Оказалось, что это бабушкина внучка. Отец ее — сын старухи погиб на границе в пятидесятом году. Мать бросила дочку на воспитание бабке и пошла на стройку в райцентр.
— А где сын-то погиб?
— А кто ее знает. В извещении город какой-то прописан, да я забыла…
Я с жадностью и безотказно отправлялся в дальние заимки и лесопункты, в палаточные городки, которые встречали меня гулом тракторов, ползущих по размокшим, рыжим глинистым дорогам, тротуарами, сбитыми из свежих досок, сверкающих золотыми натеками смолы, выцветшим брезентовым полотнищем полевой столовой, где под пологом за грубо сколоченными столами и на длинных лавках сидели девушки и парни, наворачивая за обе щеки, конечно же, борщ и вечную тушенку с макаронами, запивая, конечно же, компотом или мутным кофе.
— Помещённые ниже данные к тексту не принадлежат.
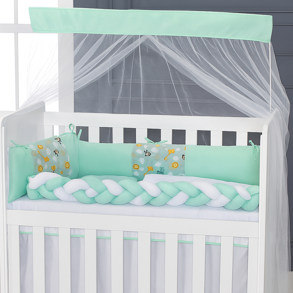 Kit Mini Berço 6 Peças Menino Completo com Mosquiteiro A Pronta Entrega

А тут еще в какой-то газете прочитал стихи Смелякова, побывавшего в Братске, совсем неподалеку от Тайшета — всего в каких-то семистах верстах:
Люблю рабочие столовки,
весь их бесхитростный уют,
где руки сильные неловко
из пиджака или спецовки
рубли и трешки достают.
Тут взяв, что надо, из окошка,
отнюдь не кушают — едят,
и гнутся слабенькие ложки
в руках окраинных девчат.
Я танцевал с этими бетонщицами вальс "Память цветов" в клубе-времянке. Клубящийся пар молодого жаркого дыхания вырывался через распахнутую дверь в морозное небо, на дощатой сцене лежали груды валенок и ватников, в которых сюда прибегали девушки из вагончиков, чтобы тут же переобуться в туфли. В клубе пахло креозотом, смолой, дешевыми духами, а в самом звенящем воздухе было вдоволь и кислорода, и морозной свежести, и выхлопной гари, и чего-то неведомого, что можно было назвать запахом юности, счастья и отчаянной веры в свою судьбу.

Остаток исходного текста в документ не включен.